A semantic pond for content delivery


Keywords
sparql, semantics, cms
License
Apache-2.0
Install
pip install duckpond==0.10.4

Documentation

duckpond

A semantic pond for content delivery.

Introduction

A semantic data lake can be thought of a set of resources annotated with semantics (i.e., triples or quads). In the context of big data, a "data lake" is a massive repository of data, structured or unstructured, of which we gain knowledge of its contents by examining the semantic graphs derived from their contents.

That's a big idea. This project is about a semantic data lake at a much smaller scale: a pond. I also like ducks and so it is a duck pond.

We can paddle around in our content, just like a duck, and harvest a bit knowledge to derive local value. In this case, we use the semantic pond to understand the content, its inter-relations, ordering, and other such content relations. From that, we can derive a useful presentation on the Web.

architectural overview of a semantic pond for content delivery

The architecture also utilizes Github as a basis for publishing. That is not a requirement but it lessens the infrastructure and allows me to keep revision histories and all the other goodies that come with git and Github.

Demonstrations

I use this technology to run my wee website: my corner of the web.

You can see the raw markdown/commonmark source in the Github project (milowski-journal) and various post-processed articles on the github.io pages (e.g., source markdown and rendered content). Note that the rendered content is just the HTML article element and, as such, it doesn't render with all the website style information. That is the purpose of the Flask application (i.e., see the web rendering).

Status

This is a work in progress and I'm still refactoring all the goodies out of my web application. At some point in the near future I intend to provide a sample flask application so you can see how it all works.

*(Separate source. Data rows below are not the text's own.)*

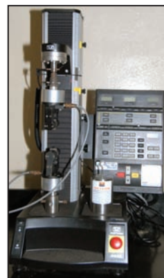
INSTRON digital tensile tester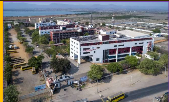
Ballari Institute of Technology & Management, Ballari (Estd. 1997) BE, M.Tech., MBA & Research Centre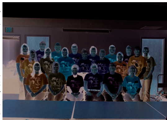
Retirees and students at the Kearney site.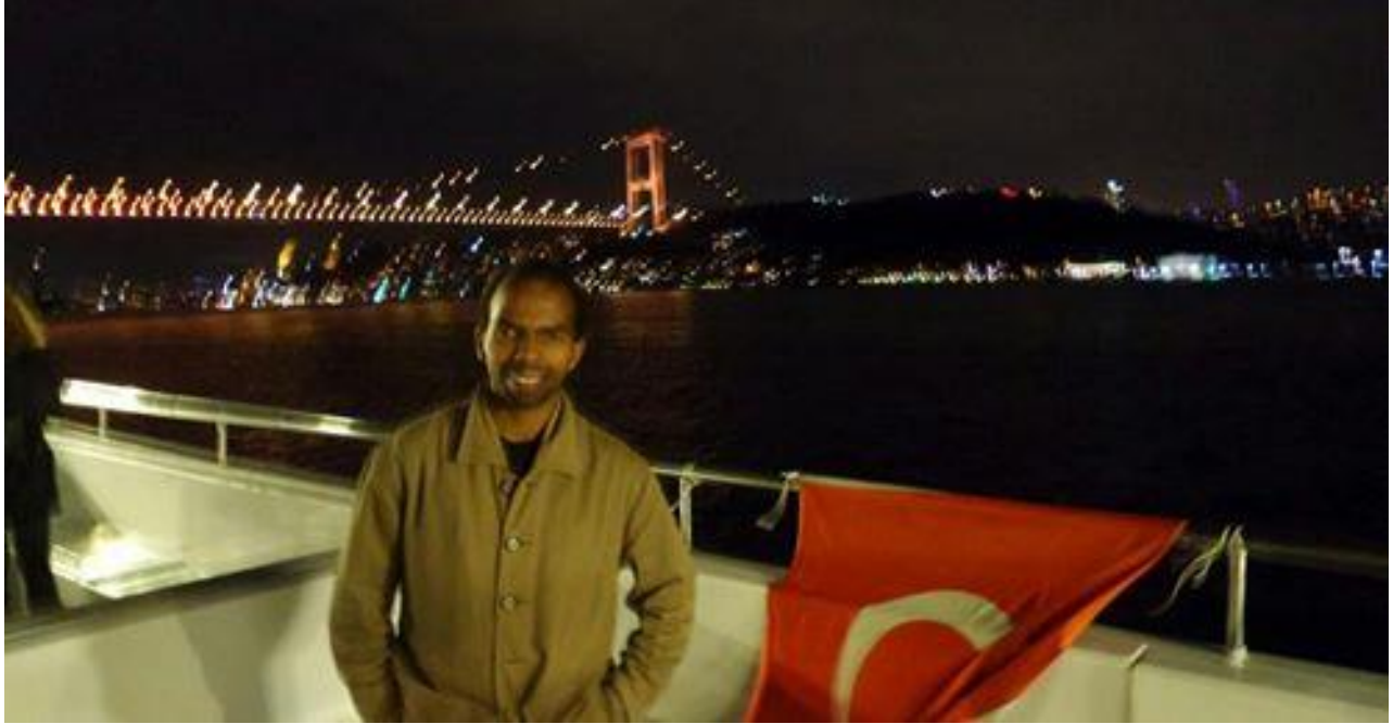
Figure 10: Social program, gone down for a cruise to the Bosphorus Strait at Istanbul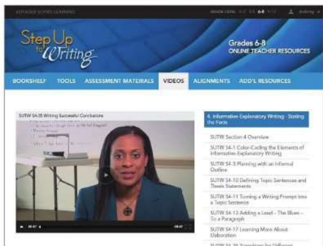
Professional Development Videos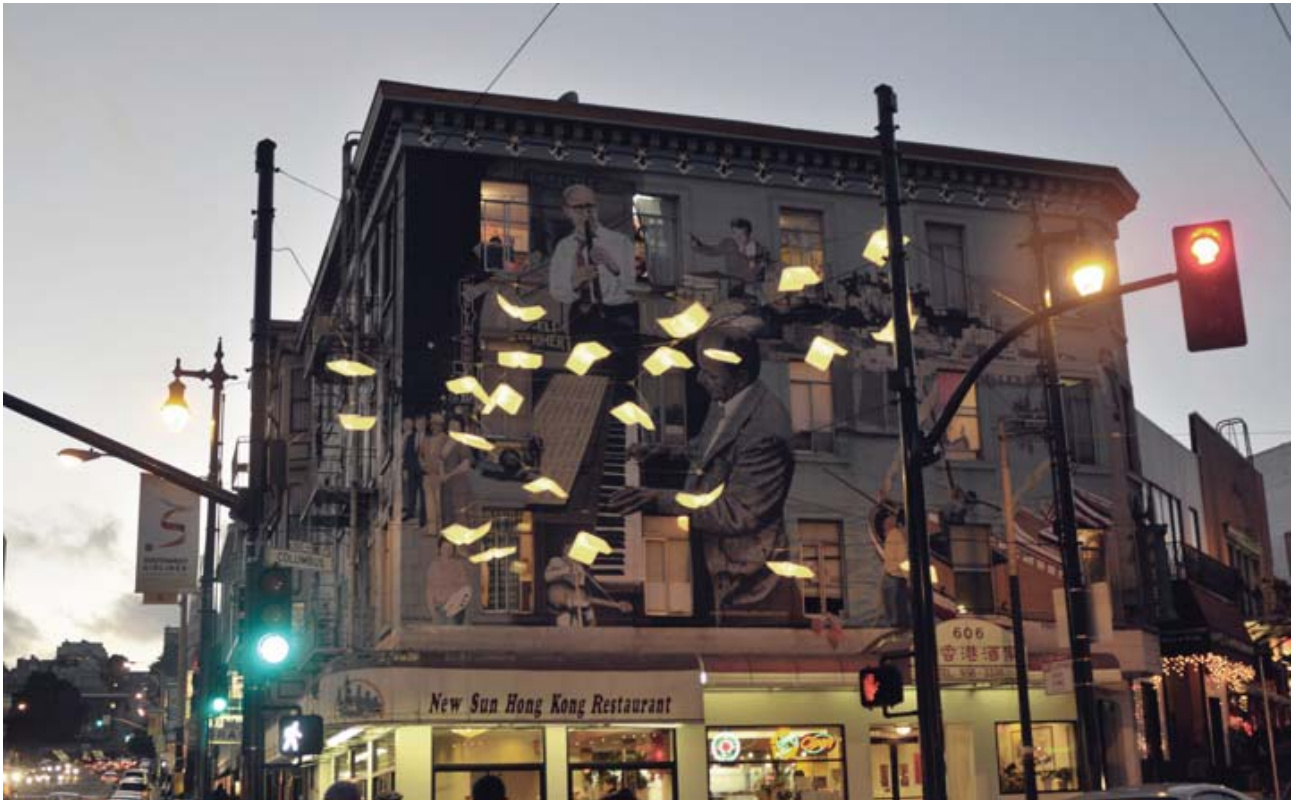
Language of the Birds by Brian Goggin and Dorka Kechn.

Total District Funding: FY 07: $2,213,650 FY 08: $17,026,940 FY 09: $2,245,400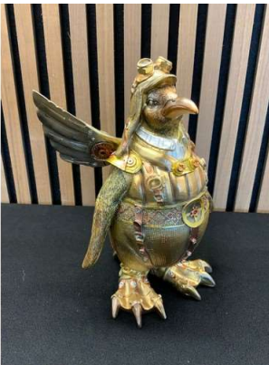
159. V - NEW STEAM PUNK PENGUIN PILOT - RRP £45

Here are some ideas that I'm working on:

  • defining ordering facets for various types of content (e.g., a article of type http://schema.org/BlogPosting has ordering facets)
  • allow a galley of content to be defined by a semantic graph
  • allow partitioning of a galley of content into "pages" to be defined by a semantic graph
  • use SPARQL queries to load definitions of web resources based on galley and partitioning graphs

Essentially, I'm trying to make the demonstration web application able to load some of the site page structure from the same semantic pond; more ducks paddling around in the data.